WASHINGTON, Sept 21 (Reuters) - The U.S. government has taken the first step toward possibly limiting flights as early as next summer at New York’s John F. Kennedy airport, one of the busiest and one of the worst for delays and congestion.
The Federal Aviation Administration has taken the rare early step of asking major carriers for their JFK scheduling information for next spring and summer, according to a regulatory notice obtained by Reuters.
A similar request also was sent to airlines at New Jersey’s Newark international airport, another location hit hard by delays this year.
Airlines must respond to both requests by Oct. 11.
The FAA only reviews schedule information this far in advance at a handful of airports nationally, and only controls flight operations at two, New York LaGuardia and Chicago O’Hare.
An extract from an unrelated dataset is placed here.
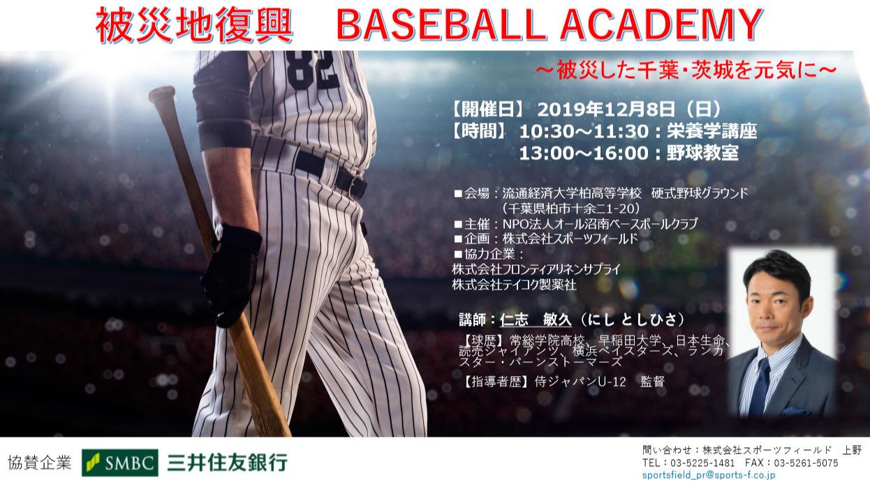 スポーツ人財の就職・採用支援サービスを手掛ける株式会社スポーツフィールド(本社:東京都新宿区 代表取締役:篠﨑 克志)は、2019年12月8日(日)に、流通経済大学付属柏高等学校グラウンド(千葉県柏市)にて開催予定の「BASEBALL ACADEMY 2019in千葉」を企画いたしました。

“We want to determine if there will be periods where scheduling exceeds capacity,” said FAA spokeswoman Laura Brown.
The scheduling request, Brown said, does not mean the agency has decided to limit flight operations.
But the FAA said in its notice to airlines: “This could result in operational limits during peak hours.”
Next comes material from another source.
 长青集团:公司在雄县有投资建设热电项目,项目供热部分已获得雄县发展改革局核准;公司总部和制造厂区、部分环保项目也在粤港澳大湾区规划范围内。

JetBlue Airways JBLU.O is based at JFK and Delta Air Lines DAL.N operates two terminals there. In a statement, JetBlue said it supported FAA efforts aimed at "getting ahead of congestion" and encouraged the agency to immediately convene a meeting of airlines to discuss scheduling.
“We look to their leadership to help resolve congestion issues,” JetBlue said.
American Airlines AMR.N operates international and some domestic service at Kennedy. United Airlines UAUA.O has significantly reduced its presence at JFK.
The International Air Transport Association, which represents international carriers, said the status quo of delays was not acceptable, noting that airlines waste fuel and emit more emissions if arrival and departure times are extended. About 100 international carriers serve JFK.
“By reviewing schedules in advance, we hope this will help FAA and Port Authority improve efficiency and better plan for the peak operations next summer,” an IATA spokesman said.
Flight delays and departures are on a record pace for 2007, prompting consumer dissatisfaction and congressional attention to airline service.
Airlines are trying to maximize revenues to keep their modest recovery on track and would not welcome government interference. Carriers argue they are just meeting demand and that other aviation operations, like corporate jets, play a role in congestion, especially in New York.
Major airlines nationally operated more than 4.3 million flights for the first seven months of 2007, and reported 1.08 million delays. More than 106,000 flights have been canceled. In July alone, airlines scheduled a record number of flights, more than 647,000.
Airline operations at JFK jumped 23 percent between October 2006 and July 2007 compared to the same period a year earlier, Transportation Department figures show.
Average daily arrivals with delays greater than one hour at JFK increased 114 percent and the airport’s on-time arrival rate fell from 69.7 percent to 61.2 percent. JFK’s arrival rate in July alone was the worst of any major airport, 57 percent.
Marion Blakey, whose term as FAA administrator ended earlier this month, said in a speech before she left office that airlines needed to “take a step back” on scheduling, especially in the East, or the FAA could intervene.
According to the notice, the FAA wants to review scheduling between March and November 2008, particularly during the 7 a.m. to 10 a.m. and the 2 p.m. to 10 p.m. slots. Those periods are peak times for business travel.